Non-empty used_by → block deletion + show which workflows reference it
Empty array → no auto-deletion

Why no GC? A code removed from a workflow isn't necessarily useless. Users might re-attach it later, or run it standalone via run_stored_code. Over-aggressive garbage collection surprises users.

3-2. `code_name` References — Eliminating Inline Duplication

Workflow code steps previously stored entire code inline:

{"type": "code", "content": "import urllib.request\n...200 lines..."}

Same code in 3 workflows = 3 copies. Fix a bug? Find and update all 3. This violates basic database normalization.
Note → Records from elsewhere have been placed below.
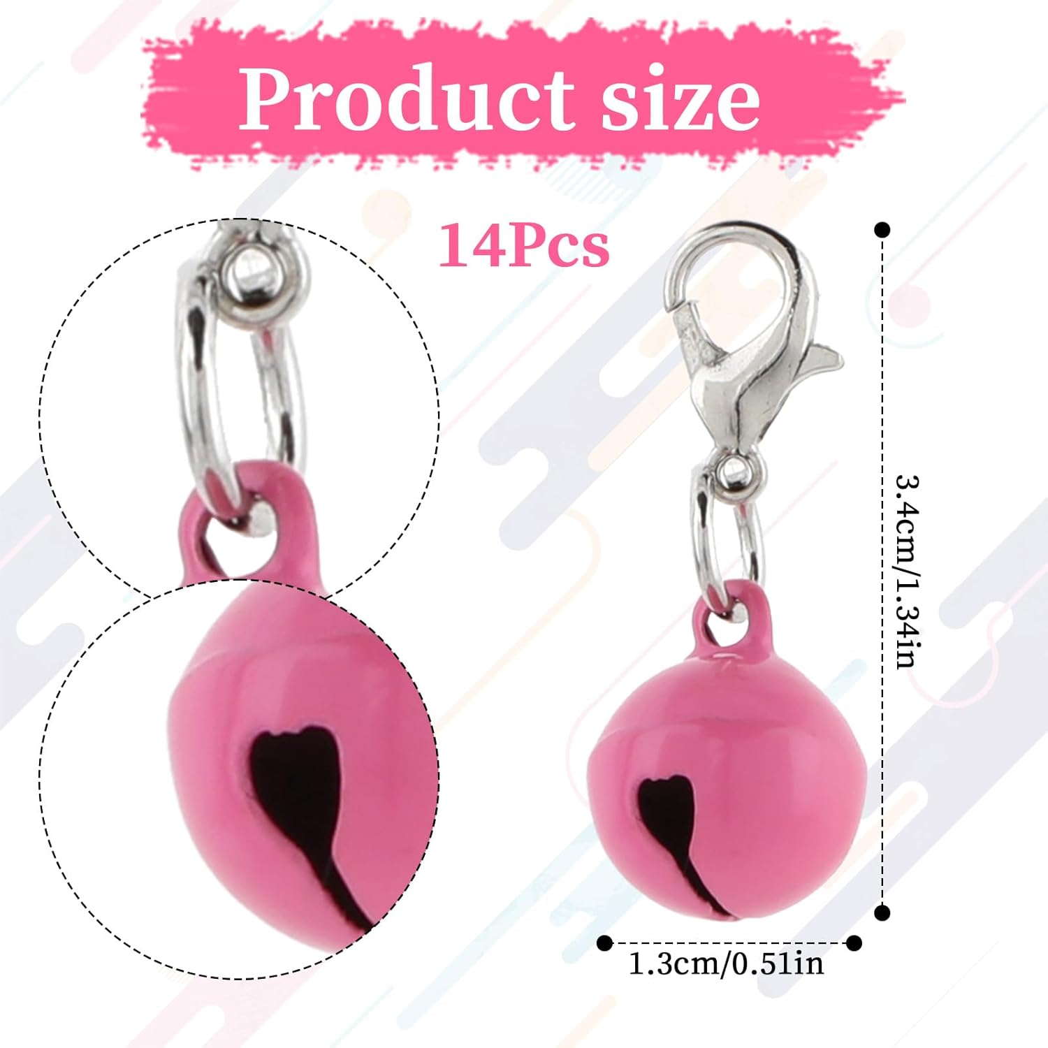 What You Get: The set includes 14 pcs pet collar bells, each with a handy lobster clasp. Ample quantity ensures you have enough bells for all your daily decorating needs, whether for your pet or other creative uses around the house. Material Durable: Our dog bells are made of quality metal, sturdy and durable, smooth surface, not easy to wear out or break, the bells' crisp sound is suitable for attracting your pet's attention and adding a touch of fun to their daily life. Rich Colors: our dog collar bells come in 14 colors, the rich selection of colors allows you to mix and match bells to create unique and eye-catching combinations for your cat or dog's collar. Practical Design: These bells for cat&dog collars not only enhance your pet's appearance and make him or her stand out in any occasion, but also add a stylish and unique touch that is sure to catch everyone's attention. Multipurpose: These cat collar bells are not only a charming accessory for your pet's collar, but also a lovely accent for home decor. The easy to use lobster clasp allows you to easily hang the little bells on key rings, backpacks and home decorations › See more product details
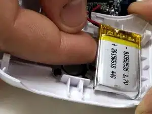 Аккумулятор удерживается к передней части корпуса с помощью двустороннего скотча. Поднимите его пальцем, осторожно, чтобы не повредить аккумулятор.
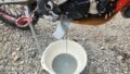ホースを外すと冷却水が出てくるので車体の下で受けます。

New approach: Steps store only code_name, resolved from Code Store at runtime.

{"type": "code", "code_name": "crypto prices"}

Backward compatibility: If code_name exists → fetch from Store. Otherwise → use legacy content. No existing workflows break.

3-3. `def run()` Standardization — Unifying Two Worlds

Code Store's 50 codes were flat scripts (globals, no function wrapper). The workflow editor expected def run(params): signatures. Two execution models running in parallel.

Dilemma: Rewrite all 50, or support both at runtime?

Answer: Both. run_stored_code detects def run( presence and switches between function invocation vs. exec. And we converted all 50 codes to def run(): signatures.

# Before (flat — how does the LLM know what params to pass?)
import urllib.request, json
url = f"https://api.coingecko.com/...?ids={coins}"

# After (standardized — LLM reads signature + docstring)
def run(coins: str = "bitcoin,ethereum"):
    """
    coins: Coin IDs (default: bitcoin,ethereum)
    """
    import urllib.request, json
    url = f"https://api.coingecko.com/...?ids={coins}"

The biggest beneficiary is the LLM itself. With a function signature and docstring, it immediately knows what parameters to pass and in what format. With flat code, the LLM had to parse the entire script body.

4. Side Fix: Removing Hardcoded Model References

While working on the sharing pipeline, we discovered Arena agent code (arena_agent_code.py, arena-agent-v1.py) had gpt-oss:20b hardcoded — bypassing the 4B model configured in config.json. This caused unexpected memory spikes.

We removed all hardcoded model references and eliminated fallback defaults. If config is missing, a RuntimeError fires immediately rather than silently loading the wrong model.

Design principle: fail-fast > silent wrong behavior. A crash with a clear error message is always better than 15GB of unexpected VRAM usage.